The goal of the ray tracer was to improve your mathematics while also strengthening your C++ skills and to get your familiar with the rendering pipeline.
Within the project, I was able to ray tracer spheres that were either solid, reflective, or refractive.
The ray tracer also includes point lights, a moving camera and makes use of a BVH to increase the performance of the ray tracer.
Graphics Programmer
Solo
8 weeks
Windows
Custom Engine
SDL
Ray Tracer
To make the ray tracer interesting, I added a few material types to show its effect. Those include: opaque,
reflection and refraction. Besides those, material color was also added to change the effect.
Opaque: the opaque object within the scene is very basic, and simply traces the rays from the screen
towards the light source, while also taking the material color into account to display the correct color.
A Specular was also added for additional effect where the lights focus is the strongest.
Reflection: the reflective objects within the scene are a bit more interesting, as the rays don’t go directly towards the light source, but rather follow a certain angle depending on where the camera is.
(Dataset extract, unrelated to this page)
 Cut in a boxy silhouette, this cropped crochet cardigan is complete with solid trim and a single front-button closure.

From there, the ray would hit a mat object and trace back to the light source. Resulting in a reflective material. Depending on how reflective a material is, it might retain some of its original color.
Refraction: the refractive objects in the scene act similar to the reflections but split the rays in 2.
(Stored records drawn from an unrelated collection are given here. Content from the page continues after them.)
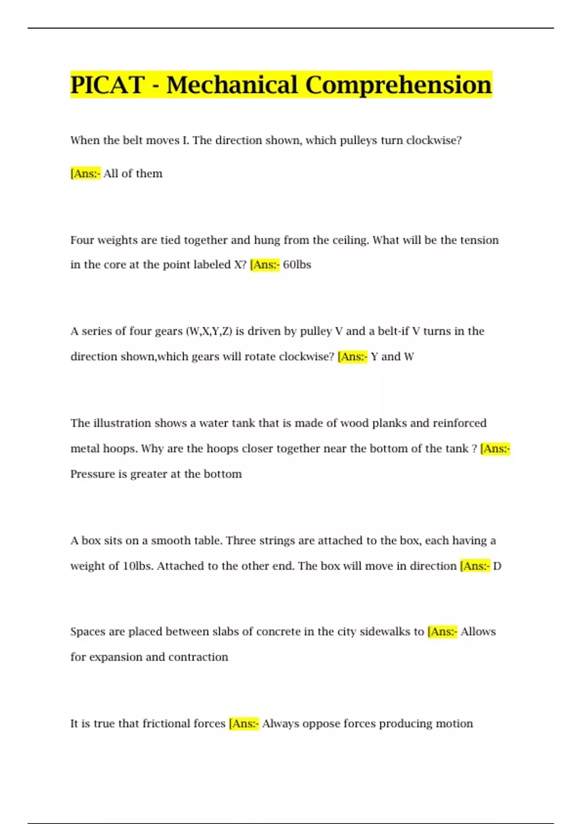 PICAT - Mechanical Comprehension Test Questions and Answers When the belt moves I. The direction shown, which pulleys turn clockwise? [Ans:- All of them Four weights are tied together and hung from the ceiling. What will be the tension in the core at the point labeled X? [Ans:- 60lbs A series of four gears (W,X,Y,Z) is driven by pulley V and a belt-if V turns in the direction shown,which gears will rotate clockwise? [Ans:- Y and W The illustration shows a water tank that is made of wood planks and reinforced metal hoops. Why are the hoops closer together near the bottom of the tank ? [Ans:- Pressure is greater at the bottom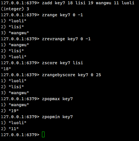 - 还有一些常用命令大体上几个数据结构用法都差不多,就不一一列举了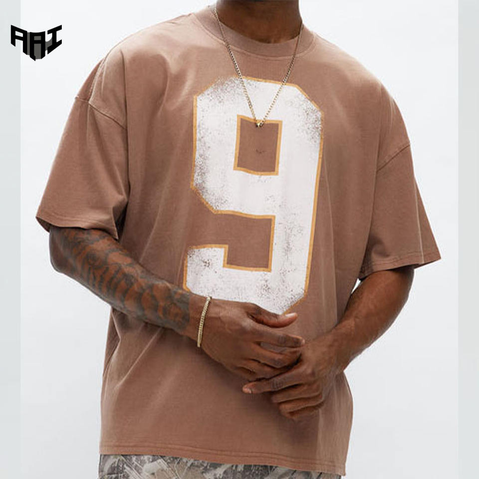 T-shirt Homme Oversize Personnalisé Style Vintage avec Numéro Imprimé, Coton Lourd 240g et Motif Vieilli, Haut Style Jersey, Vente en Gros OEM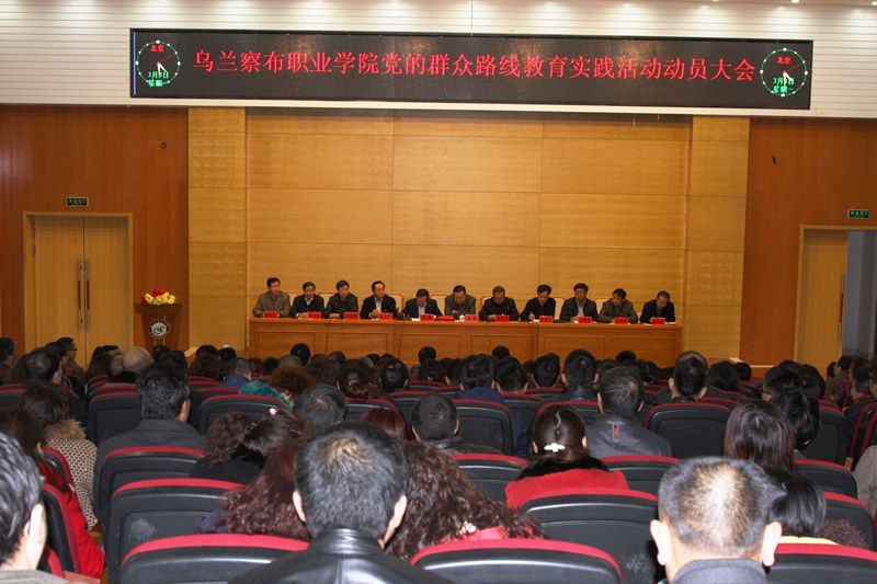 2014年3月3日下午,我院在行政楼学术报告厅隆重召开党的教育实践活动动员大会,认真学习贯彻中央精神,对学院教育实践活动进行动员部署。乌兰察布市委第19督导组组长、市政协副主席魏毅同志,督导组副组长冯孝忠同志及督导组成员出席会议。学院党委书记陶克涛同志作动员讲话,学院党委副书记、院长张策主持会议,学院党委成员赵子平、方招祥、苏林鹏、孙成明、候文彪、仇文君、逯全仓等出席会议,在校教职工,部分退休院领导、处级干部及党员,学生党员代表参加了会议。

Where one ray would reflect and the other would refract into the refractive material. The ray that’s
inside the refractive material would continue to split in two, where one ray would stay inside and the
other would continue outside to trace back to the light source.
As continuous refraction is impossible to calculate, a hard cap has been added to stop the rays from refracting.
Depending on the refraction value of the object, the result will also differ. As water has a different
fraction value compared to glass for example.
When firing a ray from the screen towards an object in the scene back to a light source. It might happen that another object blocks this path. In these cases the pixel would turn black as it became a occluded, and is now a shadow. Although this will result in hard shadows. They could be made softer to result in more realistic shadows.
Code snippit of the ray tracer renderer in C++
Optimizations
One optimization technique that I applied to my CPU ray tracer was the implementation of a
Bounding Volume Hierarchy (BVH).
Using the BVH, I would turn the objects within the scene into leaves that follow back to a root.
This would optimize the ray tracer by only having to check if a ray hit a single root, rather than an individual object. Thus, reducing the cycles needed to check if the rays hit something.
Although not implemented in the project, one optimization technique that I could implemented would be multithreading
for different sections of the screen. Some other techniques would also include making use of SIMD to run calculations
in parallel without multiple threads. And to add noise to reduce the amount of rays to be fired.
Code snippit of the BVH
Code snippit of the BVH nodes
Math Library
One of the challenges that we had for this project, was that we had to write a ray tracer without
the use of any existing math libraries like GLM. Instead, we had to make our own math library to
brush up our math skills.
The math library would then continue to be used within the ray tracer itself, showing the understand
of both the ray tracer and the mathematics involved in it.
Code snippit of vector3 class in the math library
Unit Tests
As I had to make sure that my math library was stable enough to be used for my own ray tracer,
I had to write unit tests to demonstrate that the results were correct using Google Test.
This was done by using external calculators to calculate a specific formula, and then use my
own math library to calculate the same formula. If the answers were the same, I knew that the function was correct.